太田述正コラム#10222005.12.29

<キリスト教と私(その3)>

 このようにカトリック教会は自己革新努力を行っている(注6)わけですが、プロテスタントの方に目を転じると、原理主義勢力が力を増してきており(コラムが多いので挙げない)、心配されます。
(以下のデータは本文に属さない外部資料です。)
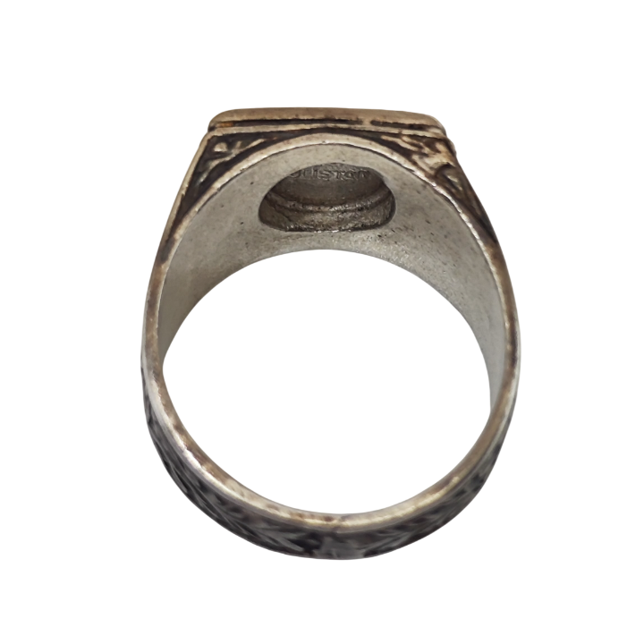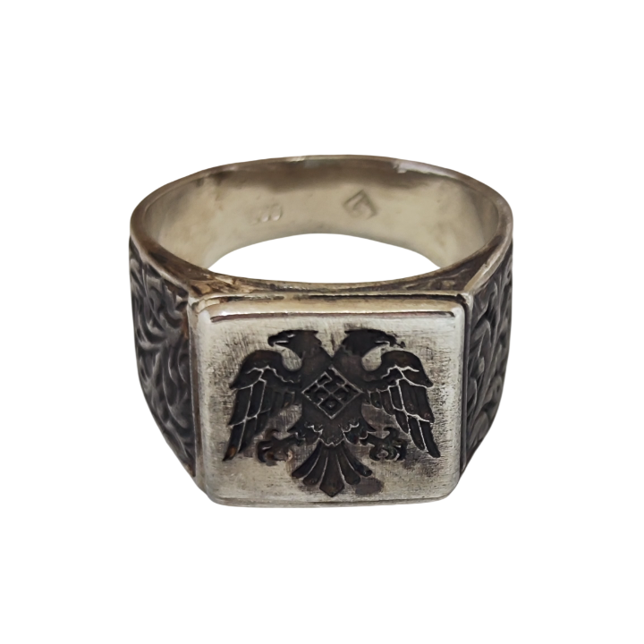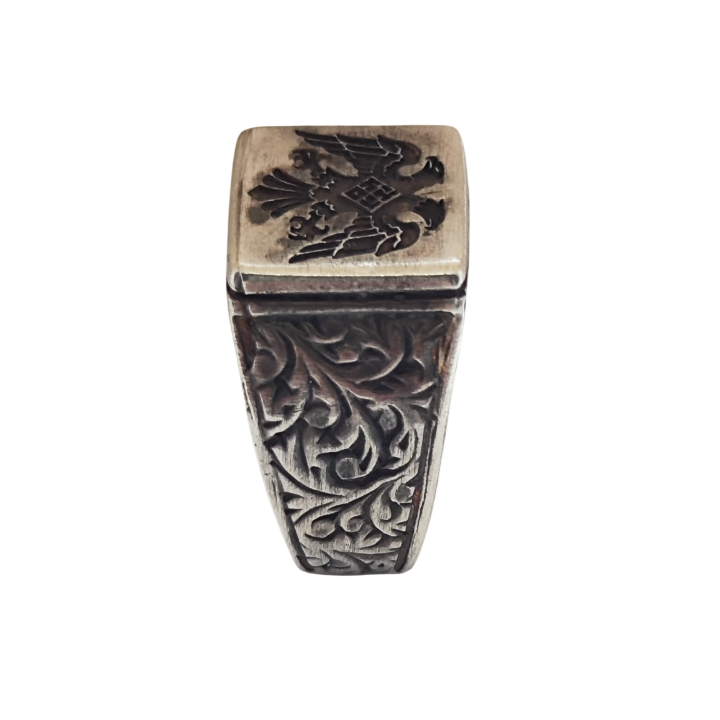 Anadolu Selçuklu Devleti’nin gücü ve hâkimiyet anlayışını simgeleyen çift başlı kartal motifi, bu yüzüğün merkezinde güçlü bir sembol olarak yer alır. Mat yüzey üzerine işlenen kartal figürü, tarihsel bir mirası modern bir yorumla bir araya getirir. Yan kısımlardaki detaylı kabartma motifler yüzüğe derinlik kazandırırken tasarımın vintage karakterini güçlendirir. Kapalıçarşı’nın köklü zanaatkârlık geleneği içinde el işçiliğiyle üretilmiş olan bu yüzük, Anadolu Selçuklu sanatının sembolik gücünü taşıyan zamansız ve karakterli bir parçadır

 (注6)とはいえカトリック教会が依然として、1.妊娠中絶に全面的に反対しているのみならず、2.避妊薬はもとよりコンドームの使用にすら反対したり、3.神父の結婚を認めなかったり、4.女性の神父就任を認めなかったり、更には5.新たな奇跡の認定をしたり、していることは問題だ(コラム#686)。3.以外については、発展途上国を中心とする人口の爆発的増大やエイズの蔓延を食い止め、女性の地位向上を図り、更には科学的精神の普及と迷信の除去を図るためにも、可及的速やかな是正が望まれる。

3 独善的な歴史認識

 (1)問題意識

 もう一つ、これはキリスト教の問題というよりは、キリスト教徒の問題ですが、一部のキリスト教徒に見られる、キリスト教の優越性を前提とした独善的な歴史認識には困ったものです。

(2)キリスト教と科学

20世紀を代表する哲学者の一人である英国のホワイトヘッド(Alfred North Whitehead1861?1947年)は、1925年に、キリスト教は欧米の科学の発展に寄与したとし、「エホバの個人的エネルギーとギリシャの哲学者の理性とがあいまって構築された」キリスト教の神概念が、理性的志向と探求的精神を促した、と主張しました。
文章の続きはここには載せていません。